■ Activity ■
Would you please repeat all of the data exactly, omitting the pictures?

■ The data ■
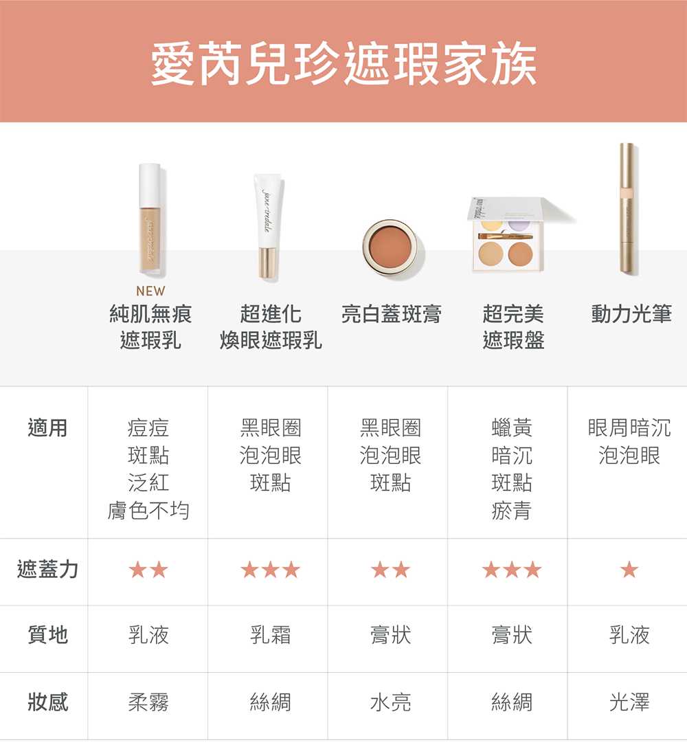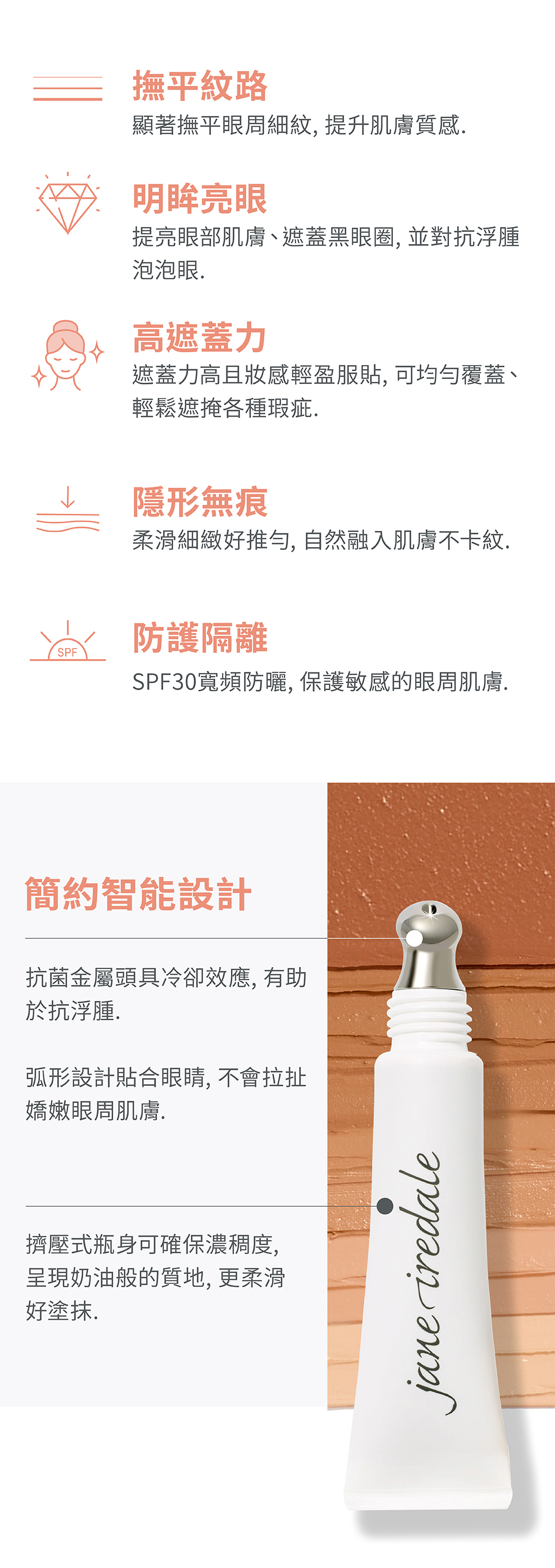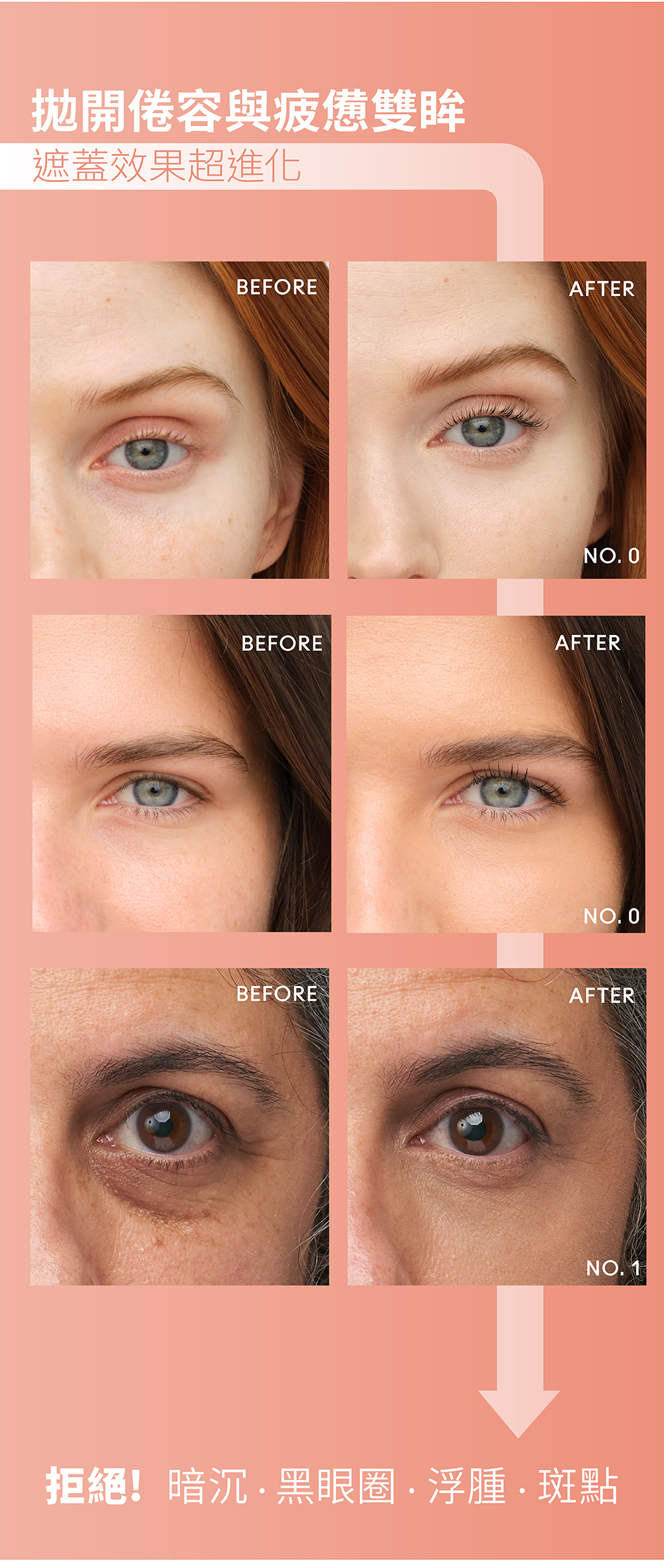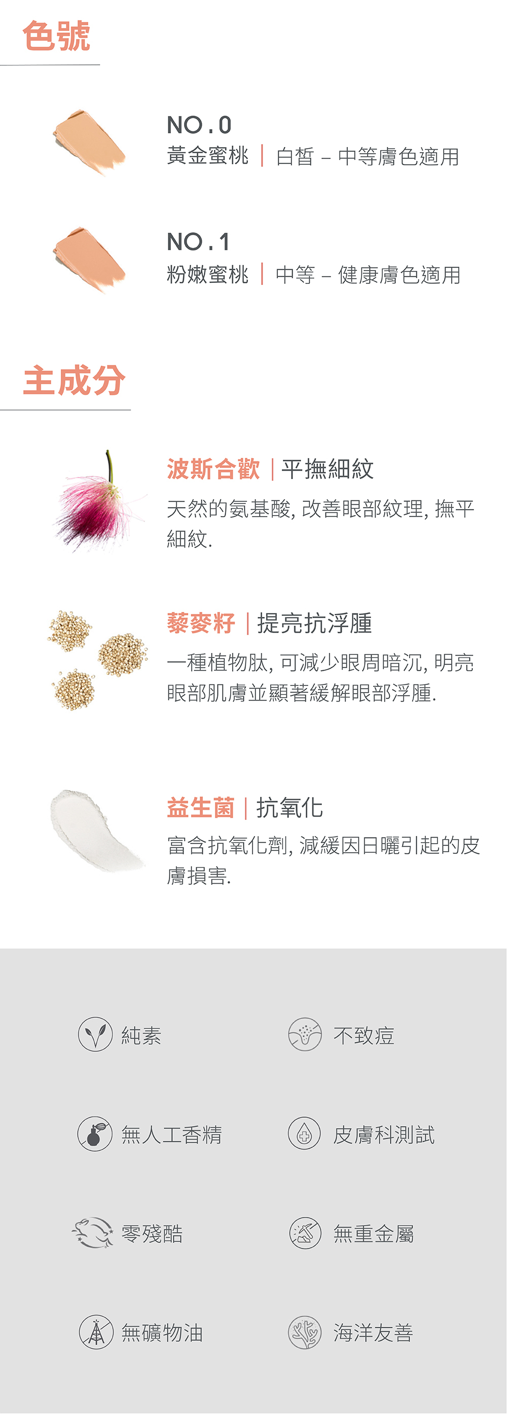 高遮蓋力遮瑕乳,蜜桃色調巧妙修飾黑眼圈、浮腫及臉部斑點問題,質地柔滑細緻輕鬆推勻,自然融入肌膚不卡紋,簡單一步,即可展現明眸亮顏。
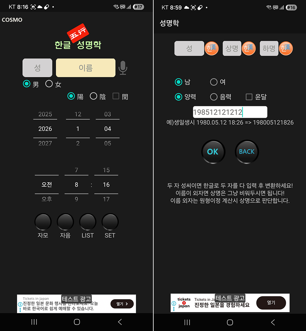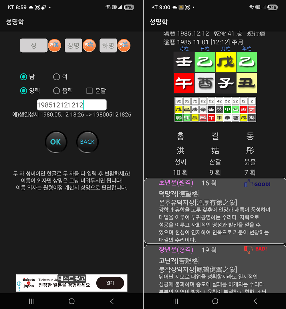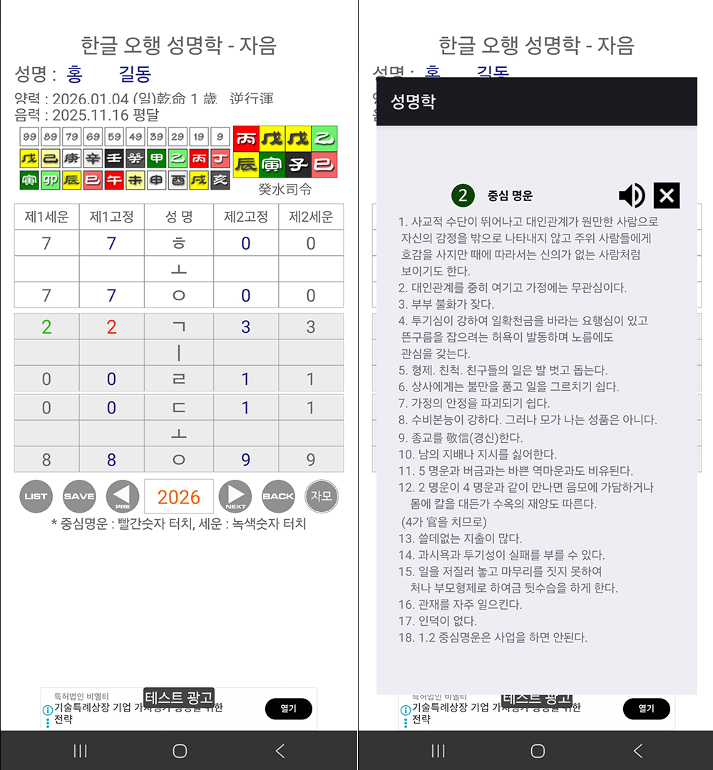 무료어플이므로 구글플레이 스토어에서 '한글성명학' 으로 다운받으시면 됩니다.
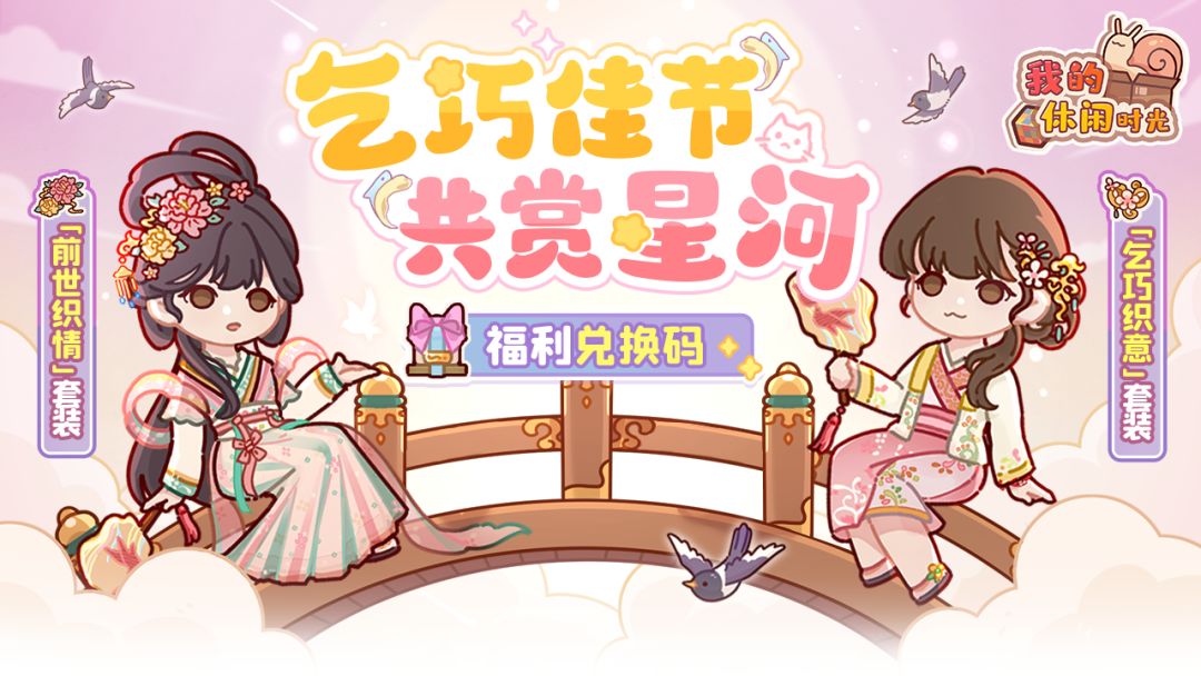 繁星如织,乞巧将至,有少女聚于花桥,以针为媒,乞求巧艺🪡 桂香浮动,巧果玲珑,漫步于星河之下,祈愿喜乐,共庆此夕✨ 「乞巧织意礼盒」&「玲珑织情礼盒」现已上架!购买相应礼盒即可获得「乞巧织意」套装、「前世织情」套装,一起换上锦衣罗裙,前往悠悠镇共度乞巧佳节吧~ 🎁乞巧节福利兑换码🎁 乞巧星河,织梦传情~在游戏界面左上角头像处点击小齿轮中的「兑换码」,输入「乞巧佳节共赏星河」,即可获得一筐七夕巧果*

■ Reply ■
 高遮蓋力遮瑕乳,蜜桃色調巧妙修飾黑眼圈、浮腫及臉部斑點問題,質地柔滑細緻輕鬆推勻,自然融入肌膚不卡紋,簡單一步,即可展現明眸亮顏。
 무료어플이므로 구글플레이 스토어에서 '한글성명학' 으로 다운받으시면 됩니다.
 繁星如织,乞巧将至,有少女聚于花桥,以针为媒,乞求巧艺🪡 桂香浮动,巧果玲珑,漫步于星河之下,祈愿喜乐,共庆此夕✨ 「乞巧织意礼盒」&「玲珑织情礼盒」现已上架!购买相应礼盒即可获得「乞巧织意」套装、「前世织情」套装,一起换上锦衣罗裙,前往悠悠镇共度乞巧佳节吧~ 🎁乞巧节福利兑换码🎁 乞巧星河,织梦传情~在游戏界面左上角头像处点击小齿轮中的「兑换码」,输入「乞巧佳节共赏星河」,即可获得一筐七夕巧果*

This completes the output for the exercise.